January 2, 2020
Only What Matters in Health Information Policy
Happy New Year! You may have read the many 2019 accomplishment lists and predictions for 2020. A few things to note:
Some say “big talk, little progress” on interoperability, but Neal Khosla notes in an interesting article that policy changes can drive massive change in the digital health arena.
Health care consumerism is expected to grow as consumers and software developers gain more access to information and payers make more consumer-focused decisions.
And, of course, there were multiple predictions about how tech companies will keep moving into the health care space with varying levels of success, here, here, here, here, and here, including a nice list of the digital health mergers in 2019 that included Alphabet, Amazon and Apple buying digital health startups.
One Thoughtful Paragraph
California’s new Consumer Privacy Act (“CCPA”) just went into effect, so Californians can celebrate the new year by exercising their right to request that companies delete their personal information and /or refrain from selling it. “Personal information” is very broadly defined and whether the CCPA or HIPAA governs health information in California is going to take more than a few lawyers to figure out.

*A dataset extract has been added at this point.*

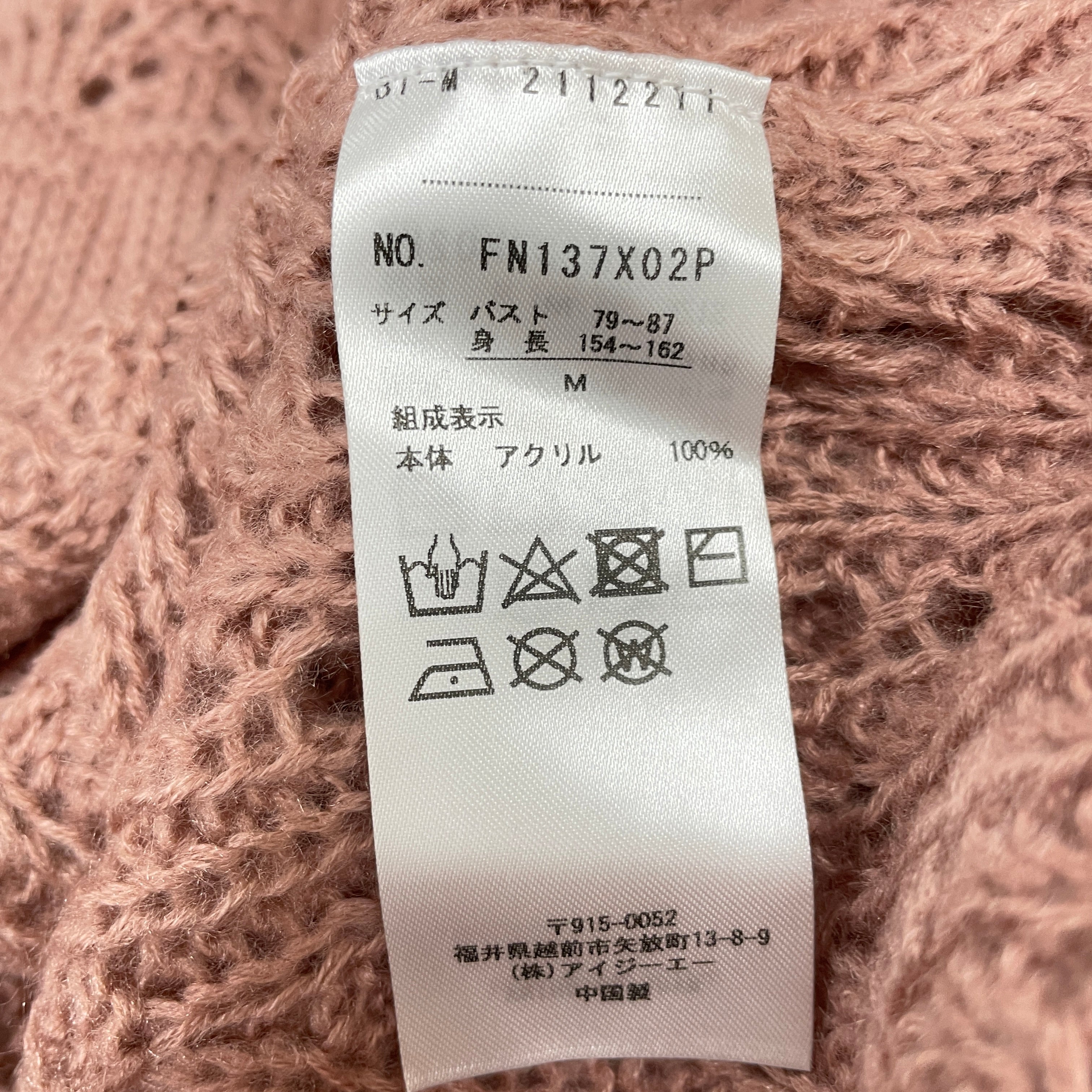 | サイズ | 着丈 | バスト | 肩幅 | 袖丈 | 袖口 |

Indeed, entities that handle health data in California may need to comply with three privacy laws: CCPA, HIPAA, and the CA Confidentiality of Medical Information Act. Just these three have overlapping jurisdiction and non-aligned definitions. Several other states are poised to enact their own broad consumer privacy laws. How will multi-state businesses and consumers who occasionally leave their state figure out which laws apply and to what data? Congress is considering multiple proposals too -- general federal privacy laws and others that seek to protect health data that is not covered by HIPAA protections. Will a new federal privacy law help or further confuse things? And remember back in 2018 when the Office of Civil Rights issued an RFI about how to update HIPAA? Since that RFI, there have been multiple requests for comment in proposed rules asking basically the same thing -- how can we make HIPAA work in a mobile app world where so many companies create, store, analyze, and sell health care information? They may have asked: “How do you catch a wave and pin it down?” (Sound of Music reference -- holiday hazard.)